Basically, a CPU is single threaded and can only do 1 operation at a time. It can take a value from one register (a group of capacitors that represent data (charged capacitor = 1, discharged capacitor = 0)) and perform a basic calculation (and, or, xor, left shift, right shift, etc).
The number of operations it can do in a single second is the clock speed. A clock speed of 1GHZ is 1,000,000,000 operations per second.
Because it is so fast, and because humans see 1 second as a little bit of time, it creates the illusion that multiple things are happening at the same time. Sort of how motion pictures work.
Because there was 1 CPU on 1 physical chip, the terms were synonymous.
They discovered that CPUs were very good at lots of things, but were not very good with some mathematical operations. Calculations with long decimal places took many, many operations to perform. So they started adding an extra part to the chip for FPA (floating point arithmetic). It was very more efficient at working with decimal points. And since it was separate part, the CPU could give the FPA a calculation and then work on something else until the FPA was done and returned the result. If the CPU wasn't working with big decimal places (or similar problems), then the FPA was idle.

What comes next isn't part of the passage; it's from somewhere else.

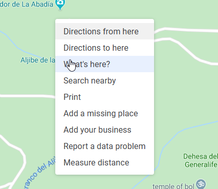 If you don’t have the coordinates to hand, one way to find them is to use Google Maps. You can right-click on the place on Google Maps and select “What’s here”:

Eventually, engineers realized that it was kind of wasteful to have the FPA idle most of the time. So they built a chip where the CPU would call the FPA all the time, not just for special calculations. Intel called this hyper threading. It allowed a single chip to perform 2 operations at the same time (one by the CPU and one by the FPA).
More time goes by, more RD money spent, and they figured out how to put multiple CPU's (each with it's own FPA) on a single chip.
The activity monitor doesn't distinguish between a CPU and an FPA. Both are a processing core that is capable of performing an operation.
Now marketing and advertising can get a little confusing.
Sometimes a chip with 1 cpu and 1 fpa will be advertised as "Dual Core."
Sometimes a chip with 2 cpus and 2 fpa will be advertised as "Dual Core."
In the first case, you are capable of 2 operations at once.
But in the later case, you actually are capable of 4 operations at once.
All macs (except the Mac Pro) have a single processor (physical chip). They may have 4 cores (cpu) each is hyperthreaded. So it will look like there are 4 processors.
Some physical chips have 6 or 8 cores. Each is hyper threaded, so can do 12 or 16 operations at a time. If you had 2 physical chips, then you'd be capable of 24 or 36 operations at a time.